— Task to complete —
Every record must come back unchanged, apart from the pictures, which are dropped.

▽

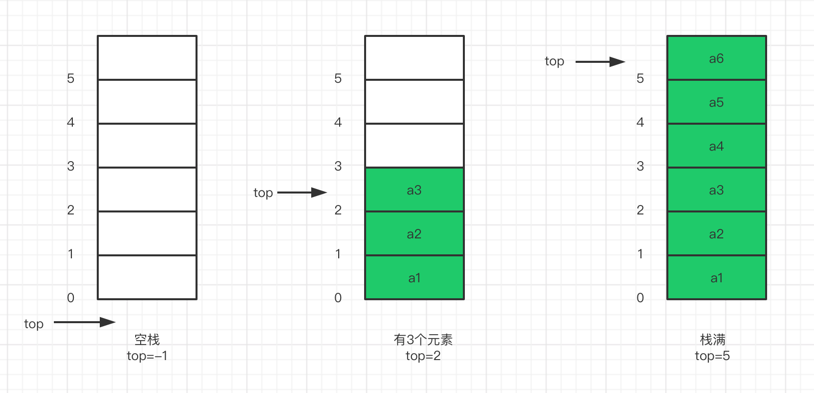 即物理结构是顺序存储,先开辟一块内存空间(和顺序存储链表一样有没有),每push一个新元素,栈顶标记top+1,直到开辟的空间被存满。每Pop一个栈顶元素,top-1,也就是下一个元素变成栈顶元素。
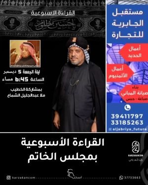 ⬅️ *مجلس المرحوم الحاج عبدالله الخاتم* وذلك في ليلة الجمعة الموافق ٥ ديسمبر و ستكون القراءة ⏰ *الـسـاعة 6:45 مساءً* *بمـشاركة الـخـطـيب / ملا عبدالجليل الشماع.* بعد قراءة دعاء كميل. والله ولي التوفيق. المصدر: إنستغرام
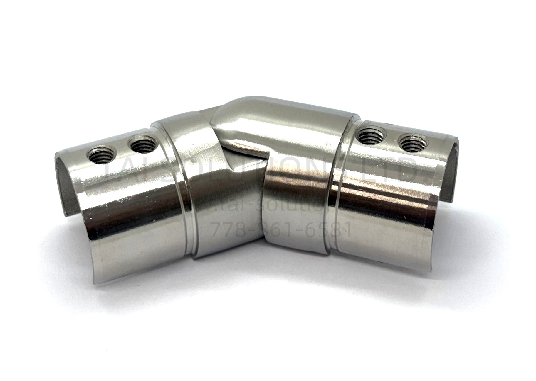 Horizontal 25~55º Adjustable Elbow for Round Top Cap Handrail. Handrail size 1.7″(42.4mm). Material 316SS
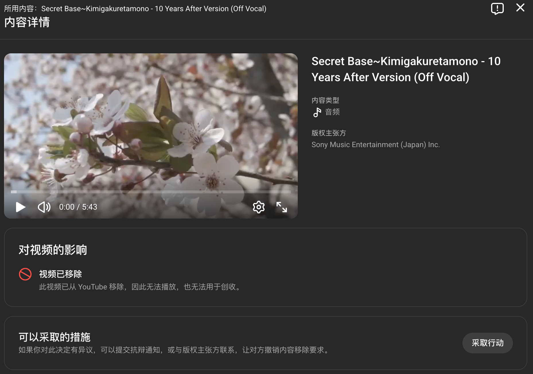 视频临近结尾处包含了几秒钟金家岭学校2021届毕业视频片段,其中使用的背景音乐是周深的《未闻花名》。未曾设想的是,这会让我们在上传 YouTube 时遇到麻烦。也许是由于我们选取的片段没有唱词,日本索尼音乐娱乐公司认为我们使用的音乐是他们享有版权的《Secret Base》,尽管我们举证说明这首歌是翻唱版本,对方仍然向 YouTube 提出了视频移除请求,导致我们的视频被下架。
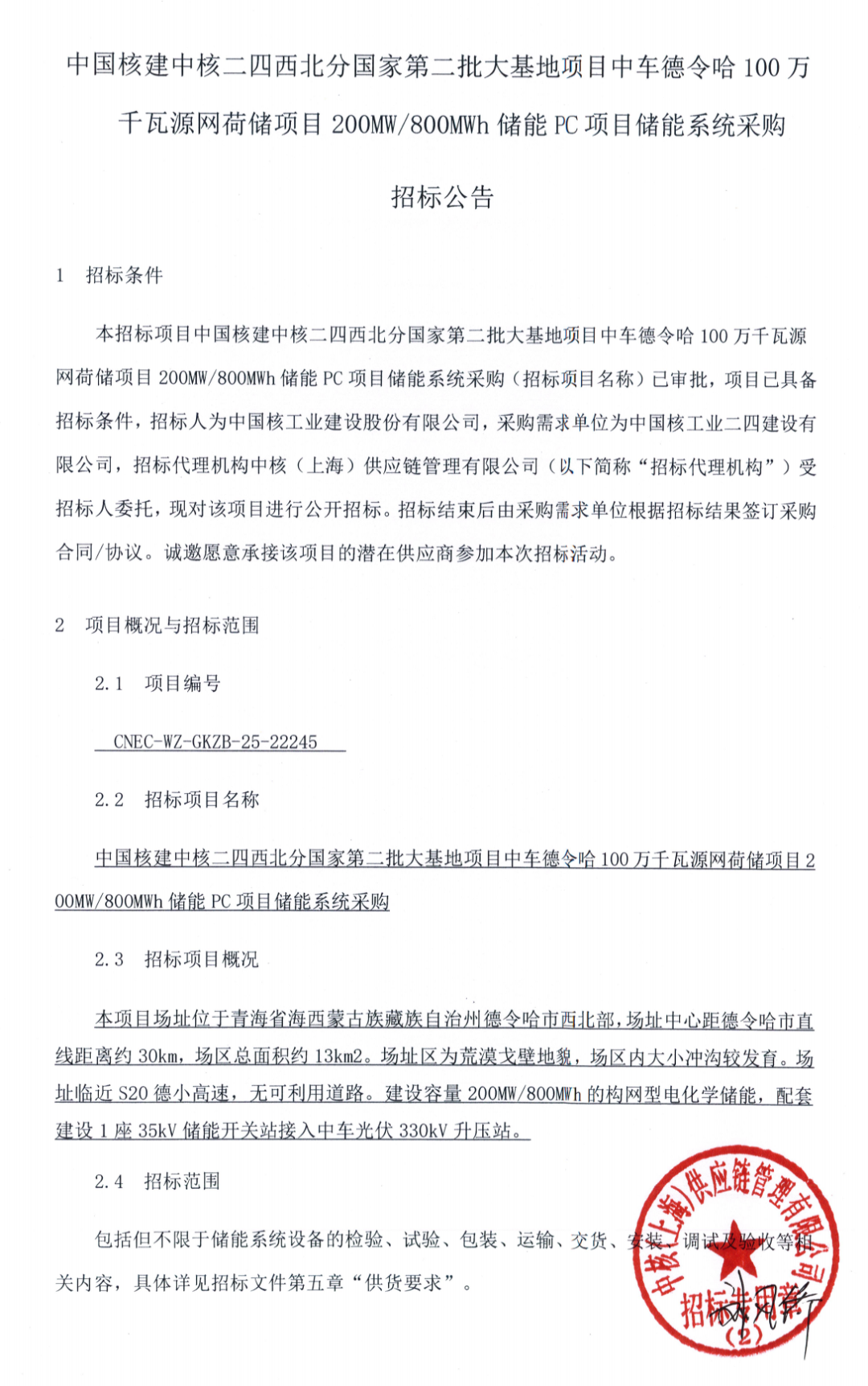 北极星储能网讯:2025年12月3日,中核集团发布中国核建中核二四西北分国家第二批大基地项目中车德令哈100万千瓦源网荷储项目200MW/800MWh储能PC项目储能系统采购招标公告。招标人为中国核工业建设股份有限公司,采购需求单位为中国核...
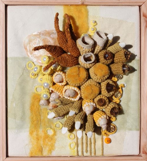 Deja Koopmans maakt beeldend textiel. Textiel, ruw, glad, verfijnd, grof. Texturen, het voelen, het tasten. Het tactiele, het door de handen laten gaan, de kleuren in textiel met haar nuances, dat alles geeft haar veel voldoening en verwondering, elke dag weer en al haar hele leven. Eerst als docent beeldende vakken (voornamelijk textiel), maar nu maakt ze meer tijd voor haar eigen werk.
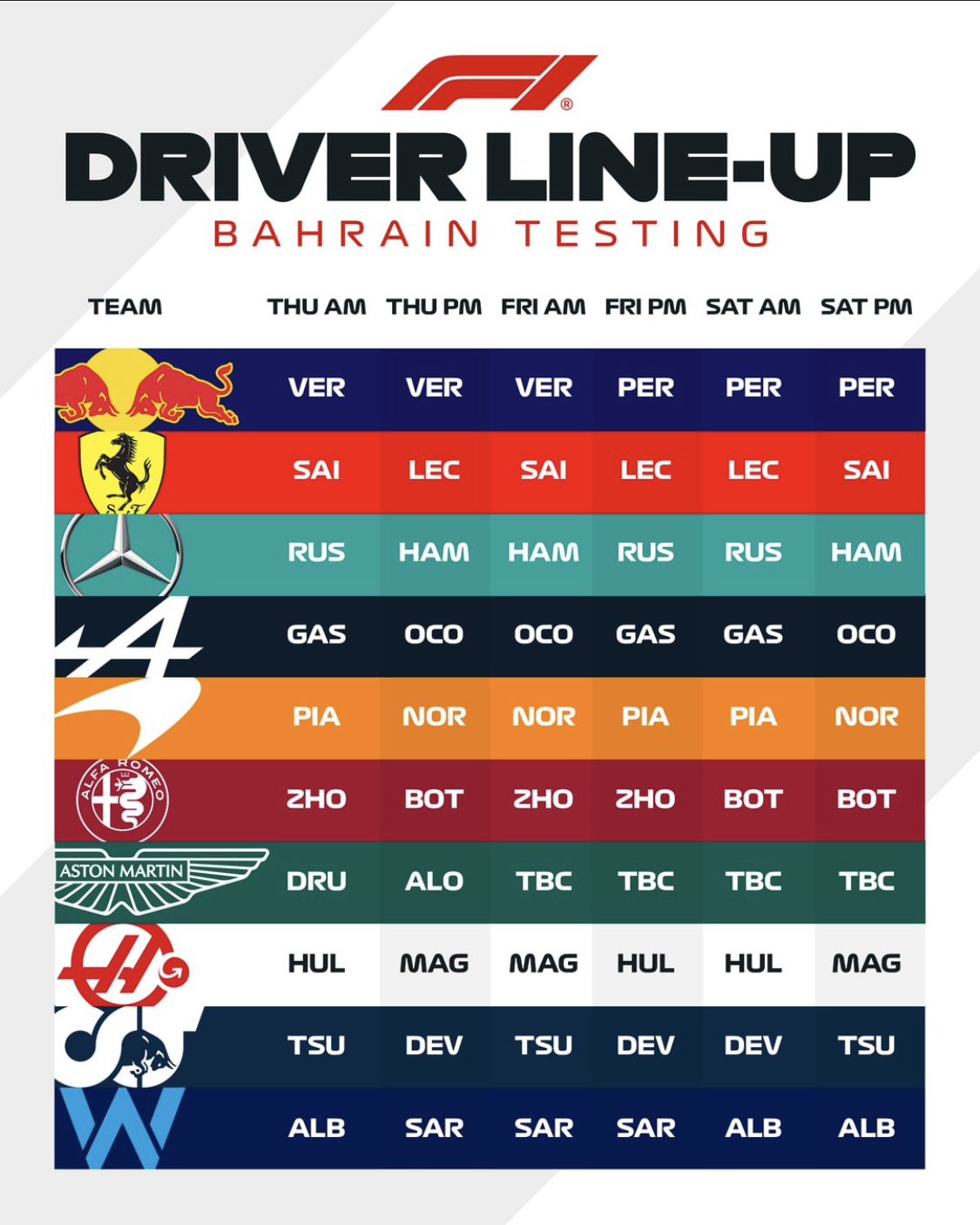 Lavoreranno poi in modo speculare a Mercedes la Alpine, la McLaren e l’Alfa Romeo, mentre ancora qualche incognita aleggia sulle modalità di lavoro dell’Aston Martin. Ritrovatasi a dover far fronte all’assenza di Lance Stroll, la scuderia inglese ha reso nota la sua line up per la sola giornata del giovedì, quando Felipe Drugovich saggerà la AMR23 al mattino prima di cedere onore, oneri e volante a Fernando Alonso. Voci di corridoio dicono che il Campione della Formula 2 potrebbe essere utilizzato anche al venerdì e al sabato per far sì che – in caso di ulteriore forfait di Stroll – possa presentarsi pronto anche al weekend di gara del Bahrain, ma nel momento in cui l’articolo viene scritto non sono state ancora fornite indicazioni più precise da parte della scuderia.

△

— Response below —
 即物理结构是顺序存储,先开辟一块内存空间(和顺序存储链表一样有没有),每push一个新元素,栈顶标记top+1,直到开辟的空间被存满。每Pop一个栈顶元素,top-1,也就是下一个元素变成栈顶元素。
 ⬅️ *مجلس المرحوم الحاج عبدالله الخاتم* وذلك في ليلة الجمعة الموافق ٥ ديسمبر و ستكون القراءة ⏰ *الـسـاعة 6:45 مساءً* *بمـشاركة الـخـطـيب / ملا عبدالجليل الشماع.* بعد قراءة دعاء كميل. والله ولي التوفيق. المصدر: إنستغرام
 Horizontal 25~55º Adjustable Elbow for Round Top Cap Handrail. Handrail size 1.7″(42.4mm). Material 316SS
 视频临近结尾处包含了几秒钟金家岭学校2021届毕业视频片段,其中使用的背景音乐是周深的《未闻花名》。未曾设想的是,这会让我们在上传 YouTube 时遇到麻烦。也许是由于我们选取的片段没有唱词,日本索尼音乐娱乐公司认为我们使用的音乐是他们享有版权的《Secret Base》,尽管我们举证说明这首歌是翻唱版本,对方仍然向 YouTube 提出了视频移除请求,导致我们的视频被下架。
 北极星储能网讯:2025年12月3日,中核集团发布中国核建中核二四西北分国家第二批大基地项目中车德令哈100万千瓦源网荷储项目200MW/800MWh储能PC项目储能系统采购招标公告。招标人为中国核工业建设股份有限公司,采购需求单位为中国核...
 Deja Koopmans maakt beeldend textiel. Textiel, ruw, glad, verfijnd, grof. Texturen, het voelen, het tasten. Het tactiele, het door de handen laten gaan, de kleuren in textiel met haar nuances, dat alles geeft haar veel voldoening en verwondering, elke dag weer en al haar hele leven. Eerst als docent beeldende vakken (voornamelijk textiel), maar nu maakt ze meer tijd voor haar eigen werk.
 Lavoreranno poi in modo speculare a Mercedes la Alpine, la McLaren e l’Alfa Romeo, mentre ancora qualche incognita aleggia sulle modalità di lavoro dell’Aston Martin. Ritrovatasi a dover far fronte all’assenza di Lance Stroll, la scuderia inglese ha reso nota la sua line up per la sola giornata del giovedì, quando Felipe Drugovich saggerà la AMR23 al mattino prima di cedere onore, oneri e volante a Fernando Alonso. Voci di corridoio dicono che il Campione della Formula 2 potrebbe essere utilizzato anche al venerdì e al sabato per far sì che – in caso di ulteriore forfait di Stroll – possa presentarsi pronto anche al weekend di gara del Bahrain, ma nel momento in cui l’articolo viene scritto non sono state ancora fornite indicazioni più precise da parte della scuderia.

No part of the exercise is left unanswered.